• [MATERIAL SUPPLIED]
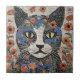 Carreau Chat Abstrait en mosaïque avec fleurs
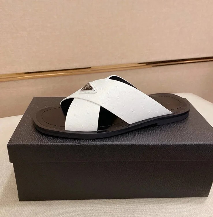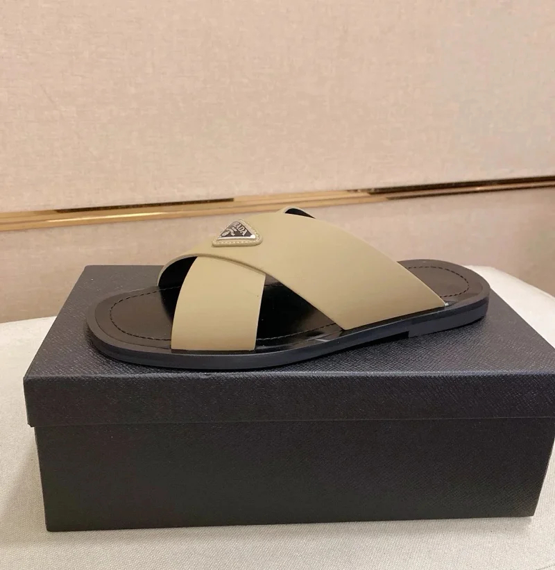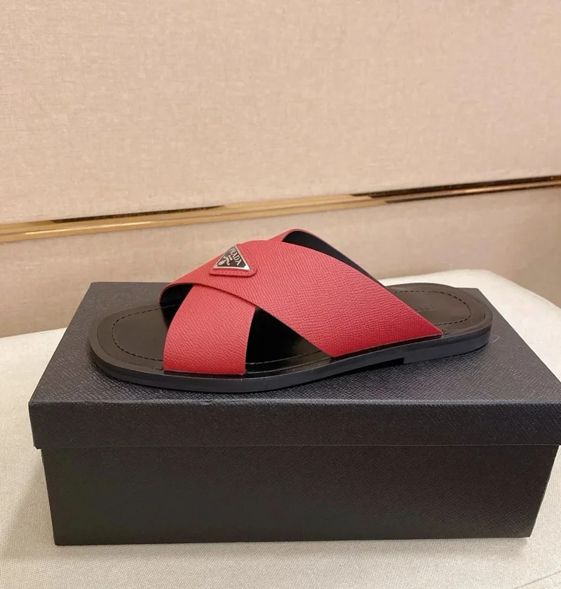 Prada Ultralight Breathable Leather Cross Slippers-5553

---

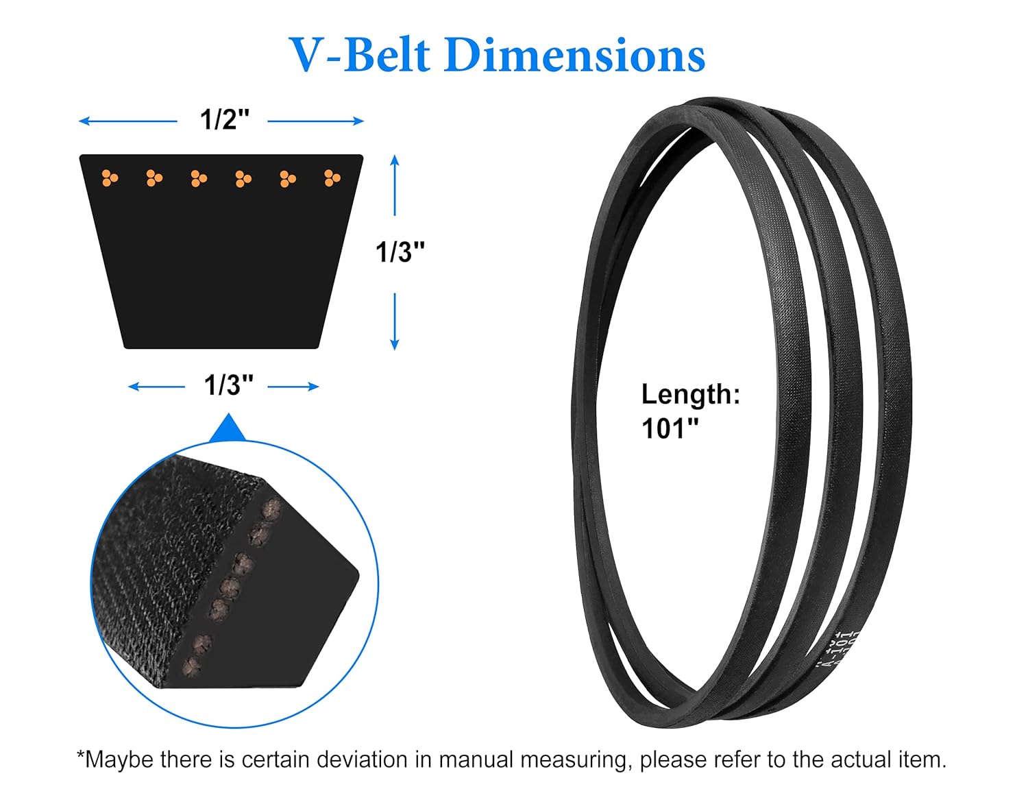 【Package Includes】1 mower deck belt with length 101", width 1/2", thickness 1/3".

• [WHAT TO WORK ON] Above are some records. Output exactly the lines from the one that contains "Carreau Chat Abstrait" to the one that contains "Prada Ultralight Breathable", keeping both, and omit the pictures.

• [THE COMPLETED TASK]
 Carreau Chat Abstrait en mosaïque avec fleurs
 Prada Ultralight Breathable Leather Cross Slippers-5553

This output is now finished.